_About this exercise_
Only the lines from the one containing "Oil Change System" through the one containing "Clever weight distribution" should be printed, exactly as they appear below, with both ends included.

_Given records_
----

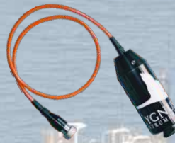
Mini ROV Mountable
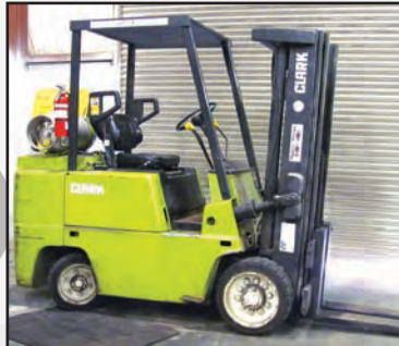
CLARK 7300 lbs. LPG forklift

----

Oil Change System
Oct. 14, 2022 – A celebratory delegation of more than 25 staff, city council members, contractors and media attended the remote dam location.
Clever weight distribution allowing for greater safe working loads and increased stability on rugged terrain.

----

_Answer below_
Oil Change System
Oct. 14, 2022 – A celebratory delegation of more than 25 staff, city council members, contractors and media attended the remote dam location.
Clever weight distribution allowing for greater safe working loads and increased stability on rugged terrain.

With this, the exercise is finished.